Accuracy in Media

Led by the New York Times, the U.S. media have made a major scandal out of the Bush administration’s using Video News Releases, VNRs, to get its message out. The VNRs were called “propaganda” and “illegal.” But the same thing was done under President Clinton. And we haven’t seen any outrage over the United Nations doing the same thing on a global scale. The U.N. recently sent 30 of their “audio-visual professionals” to a major media forum in Cannes, France, to promote U.N. productions and come up with new ways to manipulate the media. That includes VNRs.

The U.N. highlighted this new initiative in a release headlined, “UN seeks higher global media profile through Cannes TV programming market.” The U.N. team to France is being led by Under-Secretary-General for Communications and Public Information Shashi Tharoor.

“United Nations Multimedia” is already a special category of its own on the U.N. web site.
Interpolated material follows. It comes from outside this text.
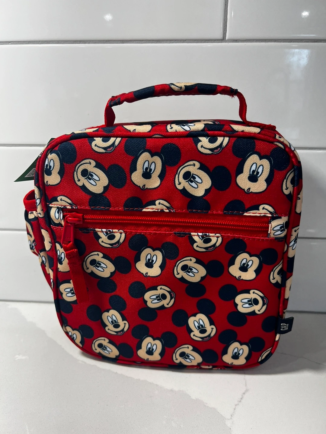 This new Gap Kids lunch bag features a fun Mickey Mouse design! It's in one size and has a vibrant red colour. It’s perfect for keeping your little one's lunch cool and stylish

This covers U.N. television, radio, and other features. One of them is “Video News Releases,” the same kind of thing the Bush Administration has been criticized for disseminating.

The U.N. distributes these VNRs through something called UNIFEED. The U.N. describes it as a 10-minute weekday satellite video news service provided through the Associated Press Television’s Global Video Wire that reaches more than 500 broadcasters worldwide.  This service is described as providing journalists around the world with pictures and stories about the U.N. UNIFEED

Here’s the official description: “UNIFEED delivers to the world’s broadcasters stories produced by several UN agencies and programs. The 10-minute UNIFEED transmission features professionally-shot stories and expert interviews on a variety of international issues, often featuring countries rarely visited by broadcast journalists. The stories focus on pressing international issues such as HIV/AIDS, conflict resolution, poverty and the environment and highlight efforts by the UN and its agencies to tackle them.”

UNIFEED goes on to say that, “We encourage broadcasters to use these stories ‘as is’ or to adapt them to their particular audiences. In many cases, we can provide additional background information and contacts for further interviews.”

One of  13 U.N. entities showing their productions at Cannes will be the U.N. Environment Program, which will showcase “Eco 4 the World,”  described as a half-hour 13-part television magazine show. UNEP’s targets in the past have included children. Its Environmental Sabbath program advised that children sit around a tree, hold hands, and meditate. UNEP also publishes children’s books. The latest, Theo and the Giant Plastic Ball, is described as “An Environmental Story for Children.”  It’s about a boy who makes a ball out of discarded plastic bags.

Other U.N. products include “Voices,” described as a series of TV spots asking the people of the world to urge Governments to meet the U.N.’s Millennium Development Goals. That means more foreign aid from the U.S.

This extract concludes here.